The more clusters to place and route, the more the runtime.
Data from 09, no better now

Runtime constraints for P&R time

Chin and Wilton, "Modeling ...FPGA... Place and Route Runtime, FPL 09



### BUT, what about the user?

- Over the decade 1999-2009 the literature seems to indicate that P&R time has increased by at least 10x, even as the P&R execution HW became 10x faster.
- HPC applications need to deal with large number of clusters (DFG nodes), now at 10 hour P&R.
- And what about 20 years from now?
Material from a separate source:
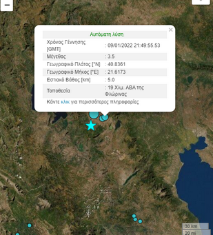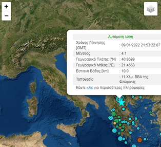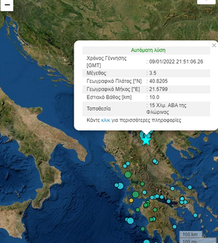ΕλλάδαΚοινωνία Άλλοι δύο σεισμοί γύρω από την Φλώρινα και ένας στην Καστοριά 10 Ιανουαρίου 2022 FacebookTwitterPinterestWhatsApp Άλλες δύο σεισμικές δονήσεις μεγέθους 3,5 3,5 και 4,1 αντίστοιχα σημειώθηκαν σε περιοχές γύρω από την Φλώρινα. Ενώ μία ακόμα 2,9 σημειώθηκε ΔΝΔ της Καστοριά κοντά στο Άργος Ορεστικό Κοινοποιήστε: Mοιραστείτε στο Facebook(Ανοίγει σε νέο παράθυρο) Facebook Share on X(Ανοίγει σε νέο παράθυρο) X

Months to do a P&R for HPC? One would think that P&R is the stepchild application for HPC. Why not vendor P&R HPC cloud?
- Larger issue is application mapping (source to run) User concerns: time to implement and time to execute, not circuitry or silicon



#### Comments

- In HPC the success of FPGA acceleration points to the weakness of evolutionary approaches to parallel processing: hardware (multi core) and software (C++, etc.), at least for these HPC applications.
- The automation of acceleration is still early on; still required: tools, methodology for writing apps., analysis methodology and (probably) a new hardware basis (coarser grain, less P&R time).



#### Conclusions

- There's a role for FPGAs in HPC if underlying software problems can be solved.
- In HPC the parallel approach demands rethinking algorithms, programming approach and environment and underlying hardware.
- There's a lot of research ahead to effectively create parallel translation and array based technology.